Selanjutnya di rumah ada orang tua yang setiap harinya selalu menyiapkan perlengkapan sekolah anak, bekerja mencari nafkah sehingga karena lelahnya tidak sempat lagi mengontrol apa yang sudah diajarkan guru di sekolah.
Dengan datangnya covid-19 ini, guru tidak lagi punya alasan kepada murid kalau sekolah hari ini atau besok libur karena dewan guru ada rapat, ibu atau bapak pulan tidak hadir karena menghadiri pernikahan anak sahabat, anak tetangga, anak keponakan atau orang terdekatnya atau juga dengan bermacam alasan.
Orang tua tidak lagi memarahi anaknya karena memegang HP dan menonton di internet, orang tua juga tidak punya alasan lagi tidak sanggup membeli HP android atau yang sejenisnya. Jadi alasan-alasan yang selama ini kita anggap biasa saja kini alasan tersebur menjadi alasan “klasik”
Ketika tidak mengenal lagi alasan-alasan kelasik diantaranya sebagaimana disebutkan di atas berarti kita sudah berada dalam dunia modern (dunia maju).
Gedung-gedung tempat kita mengadakan rapat, pelatihan, seminar dan lain-lain yang selama ini dipisahkan oleh jalan-jalan, bangunan-banguna, bahkan pengunungan atau lautan, corona (covid-19) mengajarkan kita bahwa semua itu dekat, pembelajaran yang berabad-abad mengajarkan kita dengan tatap muka kini mengajarkan kita bahwa transpormasi ilmu itu tidak harus dengan tatap muka.
Sehingga sebenarnya tidak ada lagi hambatan dalam melakukan pekerjaan dan bahkan tidak lagi harus mengerjakan satu pekerjaan dalam satu saat.

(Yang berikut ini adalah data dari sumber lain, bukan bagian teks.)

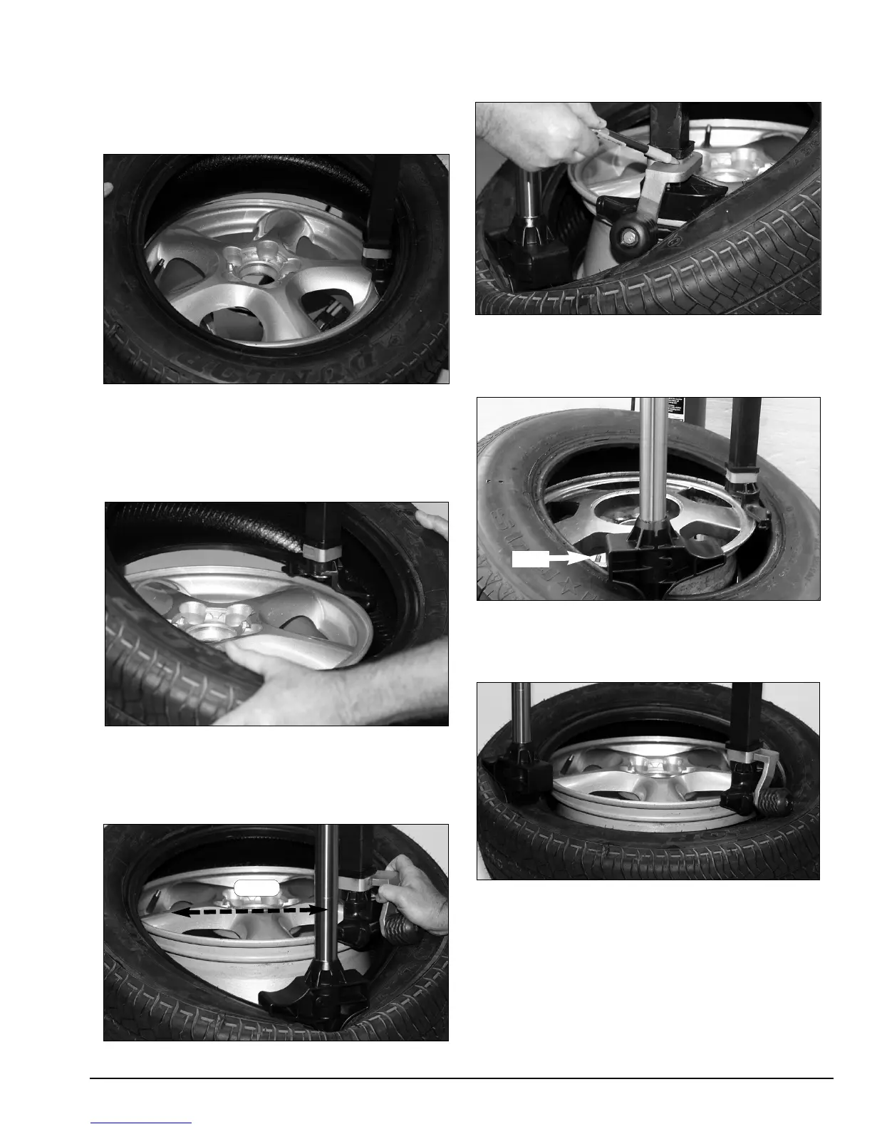 ing down on tire just ahead of the mounting tool, and
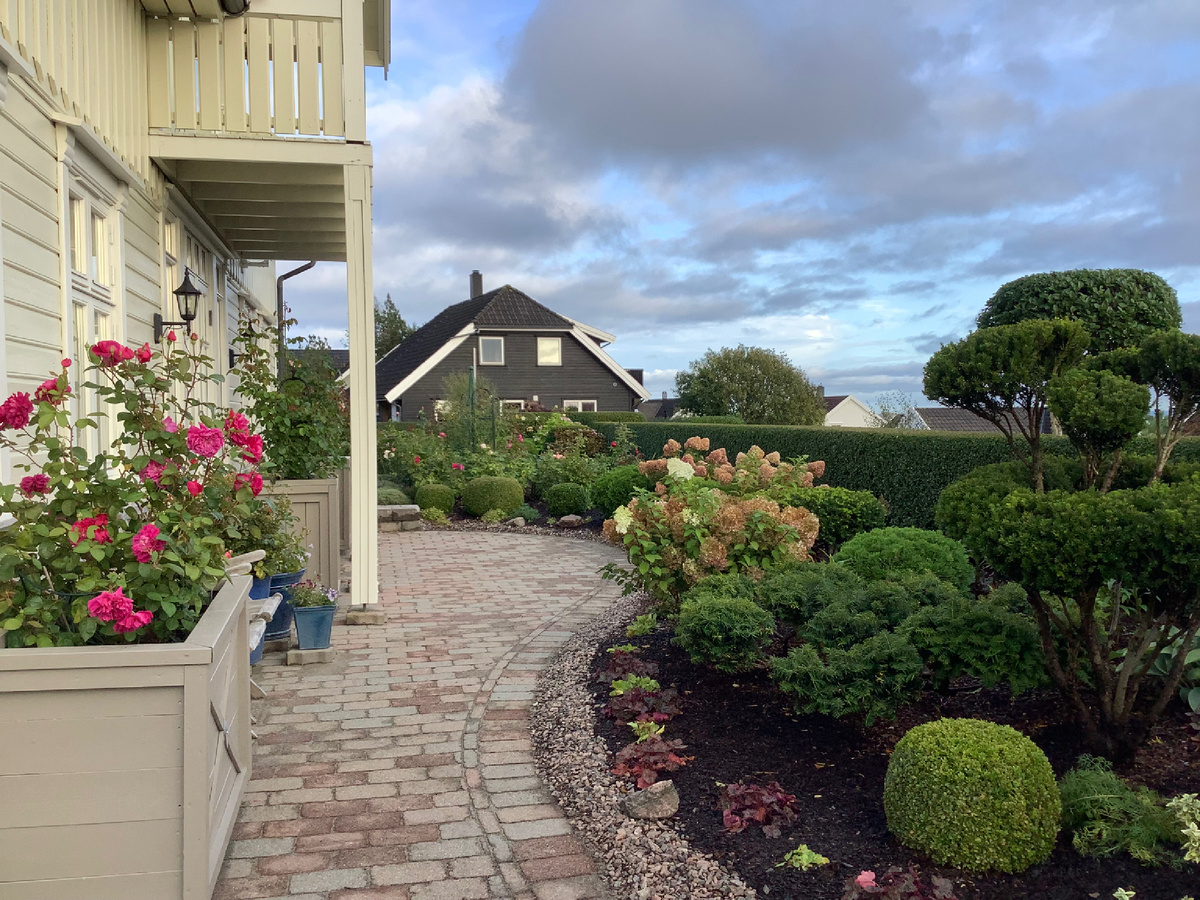 Эта гортензия пересаживается уже вторично, надо признаться, что выбранное место рядом с розарием оказалось неподходящим. Мой глаз постоянно цеплялся за эту дисгармонию, уж слишком много оказалось разнообразных кустов, всегда хотелось навести порядок. Пришлось вернуться к прежнему дизайну и посадить на её место шарик самшита. На этом сердце успокоилось. Выкопать гортензию было несложно, куст относительно молодой и небольшого размера.
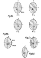 - Figure 5a represents diagrammatically the type of images (called tomographs) obtained from a series of scans of the skull when viewed along the Z axis. In the scans obtained the difference between the tumour and brain would probably not be so pronounced. If the rotating position from which the skull is viewed is to be simulated as having rotated about the Y axis from the original position then the signals representing the plane at Z 1 would be manipulated to produce the effect of this in the output image and would appear to be rather like that seen in Figure 5d. The other frames of signals would be manipulated in the same manner. Once the frame of signals have been manipulated as desired they are written into buffer store 30 and the next frame is written into cache store 23 for manipulation in the same manner.
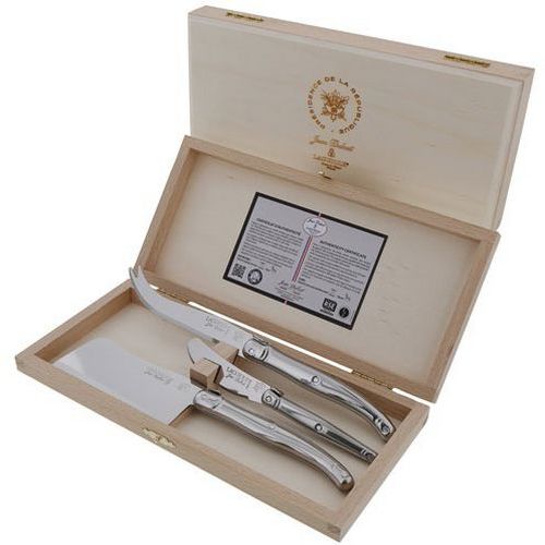 | Intitulé du produit | Trio couteau à fromage Laguiole Élysée, Matériau: Acier, Type de couvert: Couteau, Coloris: Argent |
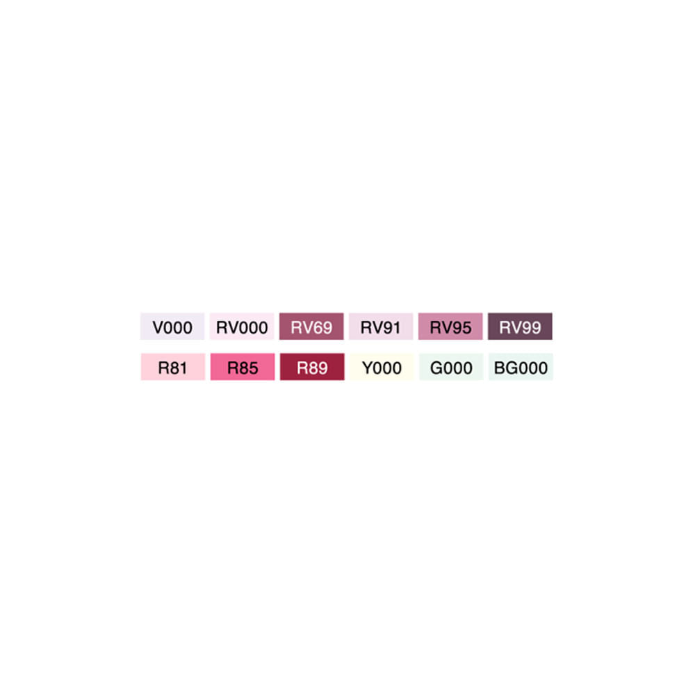 Este set contiene una amplia gama de rojos burdeos (lanzados en 2001) ideales para enriquecer tu colección Copic.
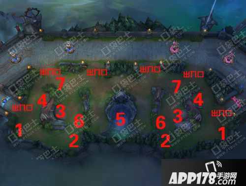 野区除了野怪,还有个重要的组成部分6和7——草丛。我们能利用草丛消失视野的特性来埋伏对手,甚至入侵对方野区,抢占更多的资源。

Seorang guru/dosen boleh mengajarkan anak murid/mahasiswanya ketika ia sedang berada dalam perjalanan dan boleh juga ketika sedang mengerjakan pekerjaan lainnya.
Demikian juga dengan murid atau mahasiswa, tidak ada lagi alasan terlambat karena macet, mengantar adik, kakak, orang tua berobat atau lain-lain. Karena dengan kemajuan dengan datangan covid-19 ini teknologi menjadi kebutuhan utama bila punya kemauan untuk bekerja bias dilakukan dimanapun dan kapanpun tergantung kepada kesepakatan bersama.
Bila corona (covid-19) ini bias dilalui, kita yakin bahwa kita adalah orang lulus dalam ujian kesiapan menghadapi era modern yang hidup serba teknologi, namun sebaliknya, bila kita menjadi orang yang cengeng selalu mengeluh kepada keadaan maka kita akan selalu menjadi orang yang tertingal dan akan terjajah selamanya.
*Dosen Fak. Syariah dan Hukum UIN Ar-Raniry Banda Aceh dan sebagai Tenaga Ahli Pada Lembaga Wali Nanggroe.